Beauvoir's most explicit writing on lesbianism is found in a single chapter in volume II of The Second Sex, "The Lesbian." Claiming that all women are "naturally homosexual" (she doesn't explain what she means by this, but it seems to have something to do with a predilection for soft skin), Beauvoir distinguishes the lesbian from the heterosexual by her exclusive "refusal of the male and her taste for feminine flesh."

At first reading the chapter seems confused, contradictory, and filled with outrageous statements. It has even been called homophobic. But not only has it always been considered the first serious philosophical treatment of lesbianism, we can see in retrospect the large extent to which the chapter anticipates current issues of lesbian identity and the performance of gender.

Beauvoir sees lesbianism as a choice, not in the sense of the religious right's use of the term as a weapon against gays and lesbians, but in the existentialist concept of an attitude adopted in situation, for which one freely and fully takes responsibility. Furthermore, Beauvoir's representation of the lesbian couple per se (which she adapts from Colette), makes possible the kind of nurturing, creative subject-other relations that Beauvoir had always sought. Her conception of a reciprocal relation in which each partner maintains her autonomy contrasts markedly with Sartre's (and Hegel's) annihilating clashes between consciousnesses.

In the early 1960s, Beauvoir began a relationship with Sylvie le Bon which lasted to the end of Beauvoir's life. In 1980, following Sartre's death, Beauvoir adopted Sylvie so that the latter could legally care for Beauvoir, who was to die six years later. Their relationship offers a model of the lesbian couple described theoretically in The Second Sex.

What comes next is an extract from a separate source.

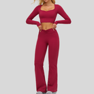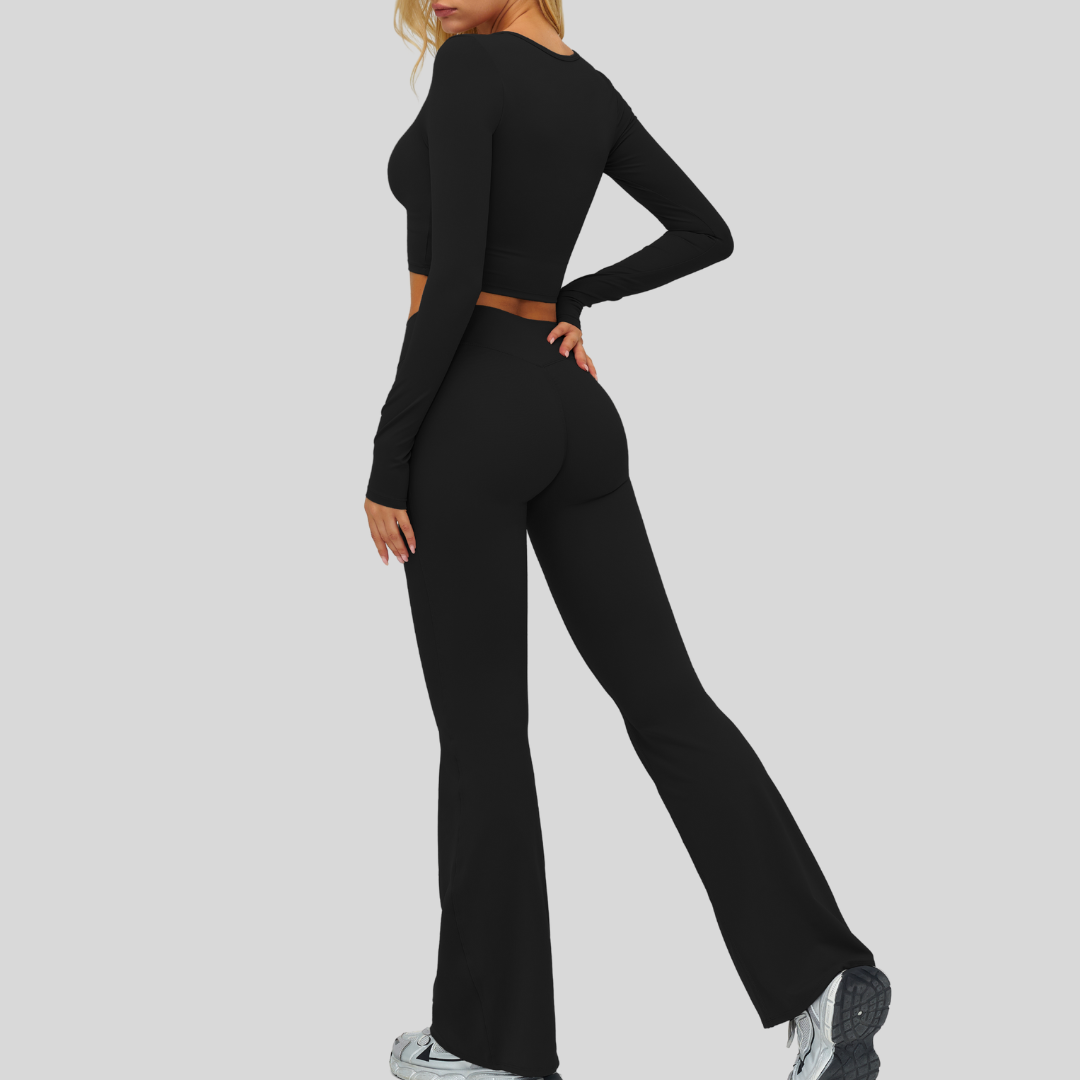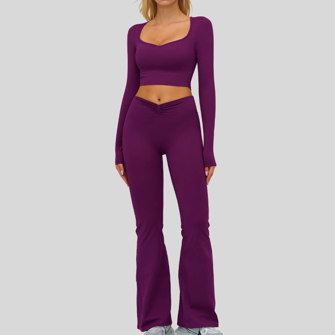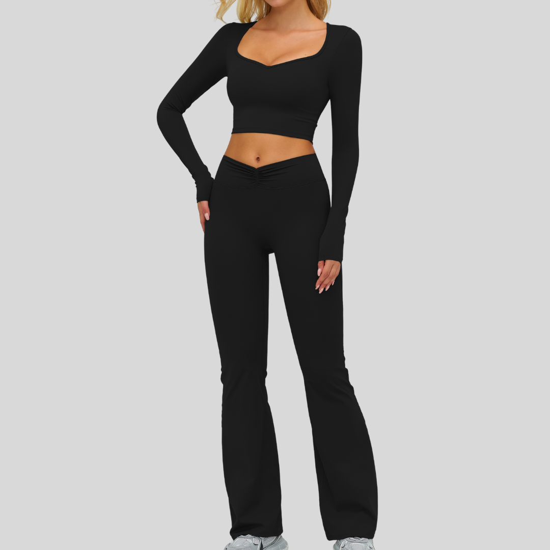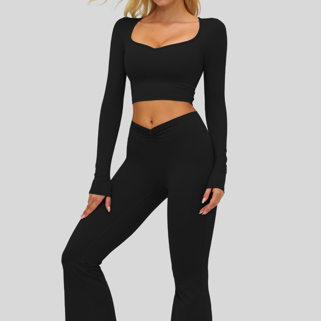 Designed for fluid movement and feminine structure. Désirée brings together a sleek long sleeve top and softly flared leggings that elevate your everyday activewear.

While Beauvoir categorically denied it was a lesbian relationship, le Bon did not. Although le Bon refused to be more explicit, she seemed to suggest that Beauvoir's denial was aimed at protecting the younger woman, which would not be surprising given Beauvoir's earlier experiences. Yet Beauvoir described Le Bon as the "ideal companion of my adult life," explaining that, since Zaza's early death, she had often desired an "intense, daily and total relationship with a woman." Now that she had found Sylvie, their relationship was "absolute," one in which each lived "entirely" for the other.

Beauvoir's active participation in the public silence surrounding her same-sex relations had the consequence of excluding her from the field of lesbian studies. Now, thanks to well-documented evidence and a more receptive climate, the philosopher can take her rightful place as a woman who passionately loved women.